A moment of silence passed between the two of us like we were sharing it. That timid tenderness again. A hint of a smile on his lips.
When the shop bell chimed and a second later, Olivia called my name.
She acted surprised to see me, but she knew this meeting was happening. She waved at Katie at the front, but walked straight over to my table.
“Who’s this?” she asked coyly, tossing her head toward Adam.
“This is Adam, he’s our new city manager. We’re working on the summer festival together.” I said this as if it was new information, playing along as if we hadn’t spied on him in a grocery store and stalked his Instagram days ago.
“Oh, are you now?” She raised an eyebrow. “Working with the enemy?”
Adam laughed nervously. What must he think of us Rhodes women? All bright hair and fighting words.
“How’d you win her over?” she asked him, her hand on the back of my chair.
“We signed a truce,” he said. “We are going at this fifty-fifty.”
“He also hired me officially,” I said with a tone of awe in my voice.

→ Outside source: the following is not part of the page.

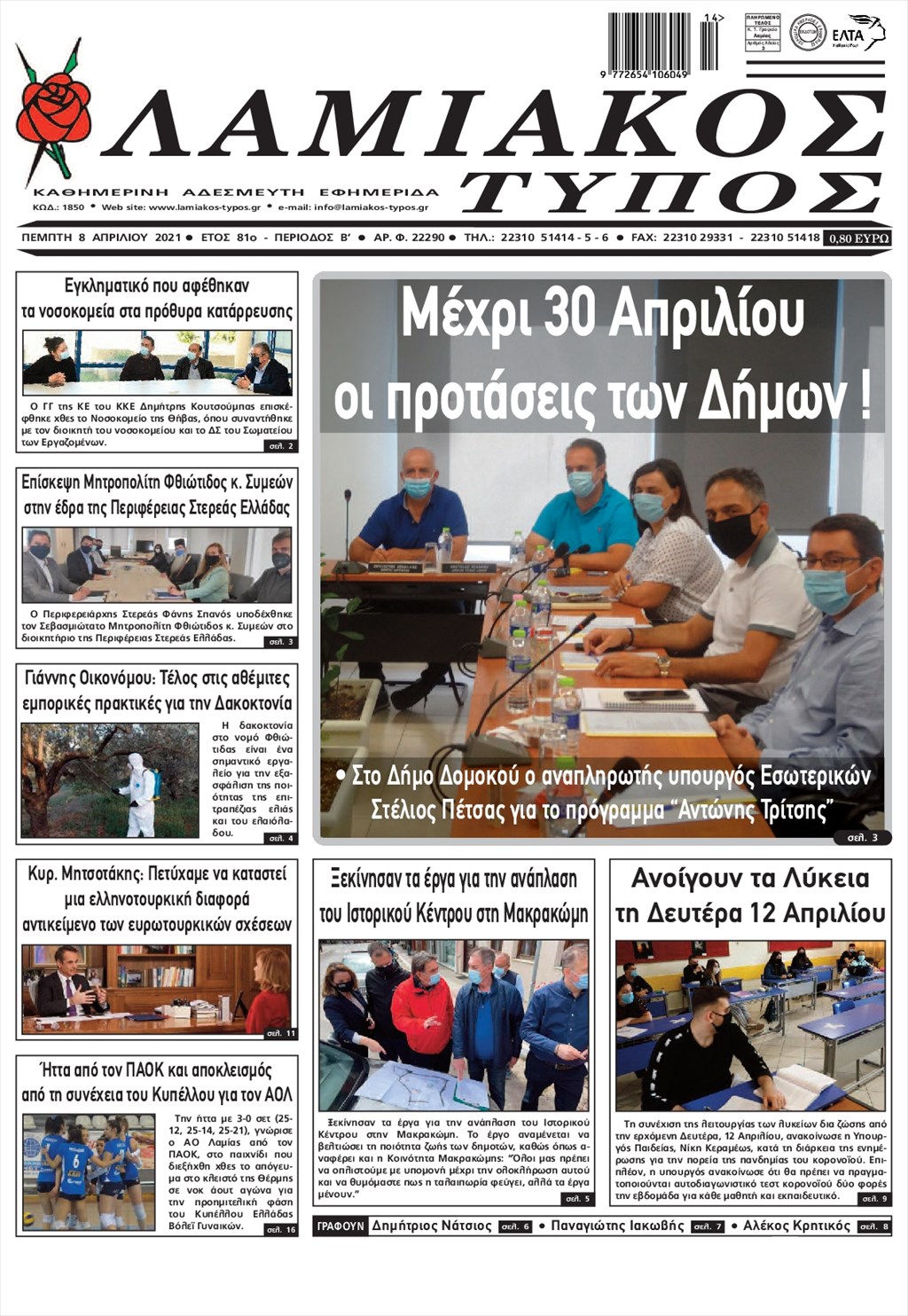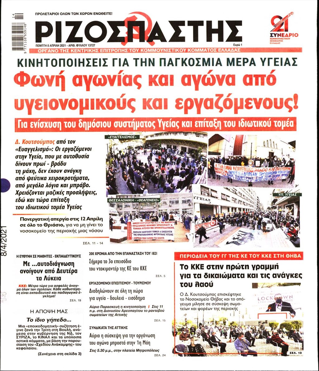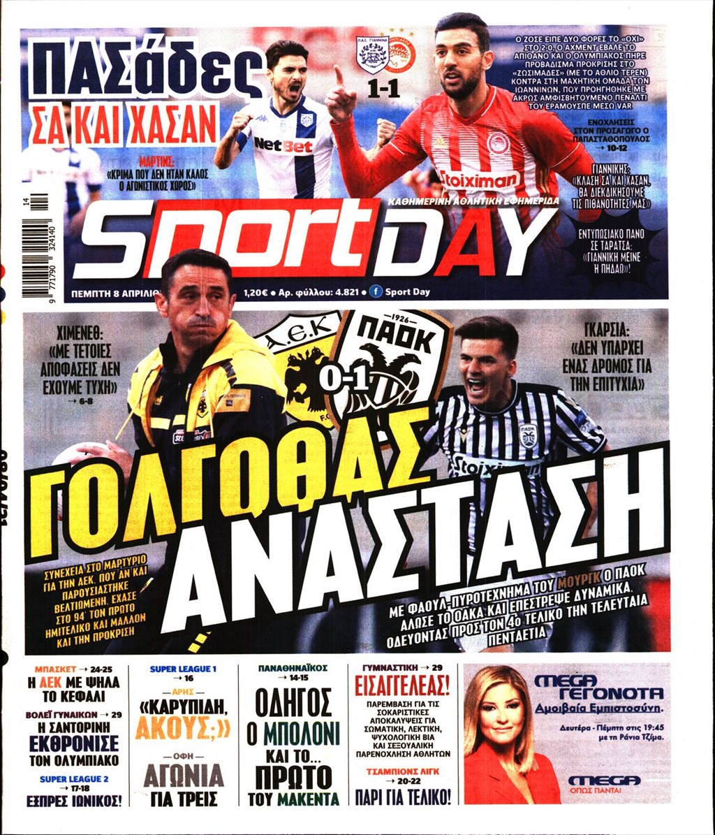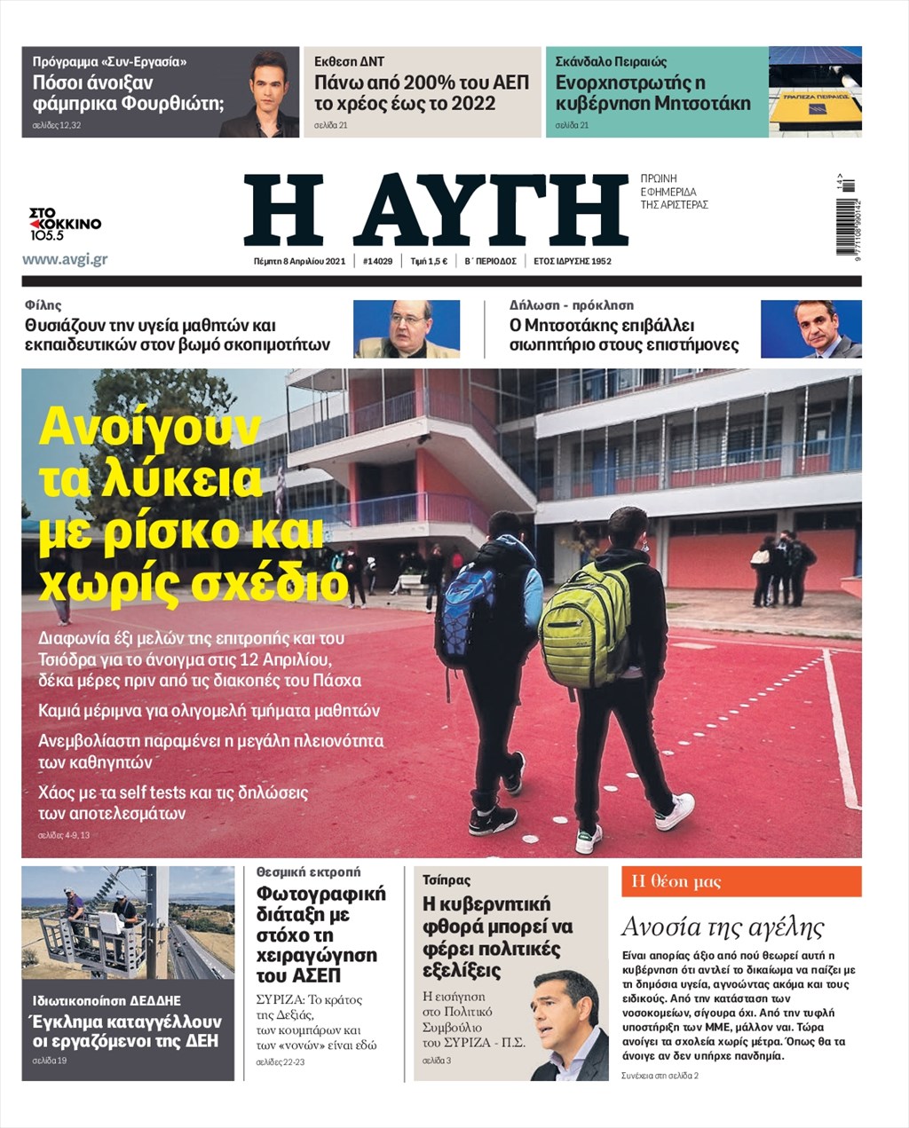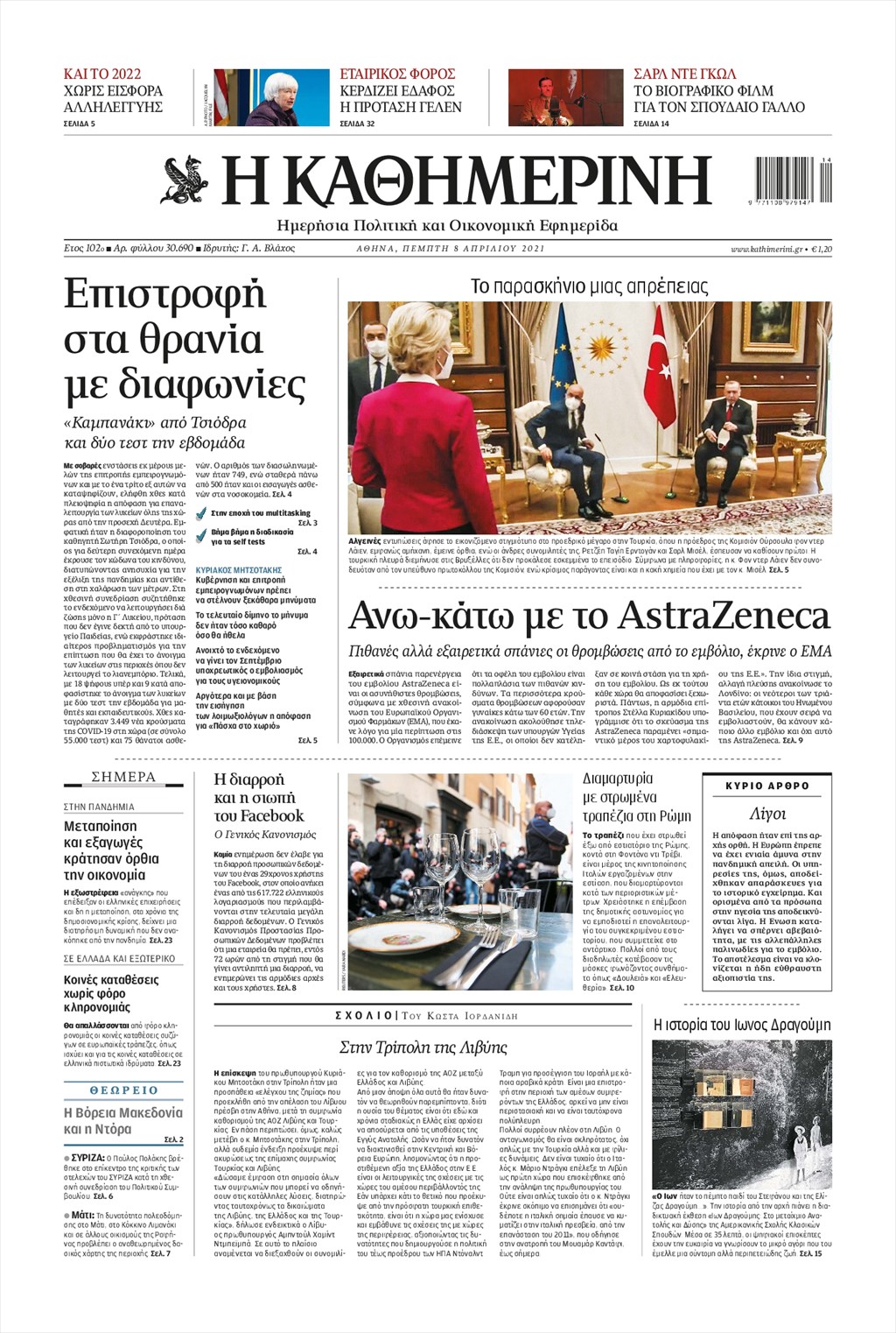 Τα πρωτοσέλιδα των εφημερίδων 8 Απριλίου

“I see you put it in writing.” She glanced down at the contract lying between us. “And, wow, you got very specific.”
“All the mark outs and scribbling is Lucy’s work,” Adam chuckled. “I came in with the proposal, she came in with the demands.”
“Negotiations,” I corrected, my chair scraping against the floor as I turned toward Olivia.
“With men any negotiations from women are viewed as demands.” Olivia rolled her eyes. The scent of freshly baked strawberry scones waft from the café kitchen.
“I’m lucky she’s negotiating with me, honestly,” Adam said, slipping the paperwork back into the folder. “I’m happy she’d even look at this proposal.”
“It’s hilarious to see the festival getting so bureaucratic. It’s always been so small-town with handshake deals and basically running out of Grandma’s kitchen,” Olivia said more to me than to Adam.
His cheeks blazed red. “I don’t want to lose all that small-town heart. I promise,” he said seriously.
“He only wants to lose it by fifty-fifty,” I joked. He didn’t laugh at the joke, instead the muscle in his jaw working overtime as he looked away from me.
Olivia took a sip of my lavender latte as my date from the other night strolled into the shop. Adam waved Victor over and he weaved through the bookshelves to our table.
Victor’s easy demeanor shifted as his eyes met Olivia’s. She was wearing her working Levis and a white tank top. I think she even had a smear of paint across her cheek. But the confident Victor from last night was jittery and quiet by Adam’s side as I introduced the two.
Olivia announced she was going to go order a drink and Victor seemed to muster up a little courage, joining her at the counter.
When it was just Adam and me again, the silence turned tense, all the mysterious tenderness from earlier gone by now. Like it was drained away with our coffees. Now we were left with empty cups and awkwardness.
We might’ve reached an agreement, but we were both still feeling a little prickly. Overwhelmed by all this new paperwork, or bureaucracy, as Olivia said.
I watched him as he stared thoughtfully down at his phone, serious with his dark hair falling over his eyes. As if reading my thoughts, he looked up at me and said, “You know, sometimes the bureaucracy can help something like this festival.”
“If a part of me didn’t agree, I wouldn’t have signed the contract,” I said honestly, my guard still down a couple of inches from earlier.
He looked over at Victor and Olivia as they chatted with Katie, then leaned in toward the table and whispered, “Are you and Victor…you know…”
“Dating?” I couldn’t stop myself from grinning.
He put up his hands. “I shouldn’t ha?—”
“We’re not dating. The setup was a flop. No fireworks,” I said simply.
“No fireworks,” he echoed, repeating the solution to a math equation.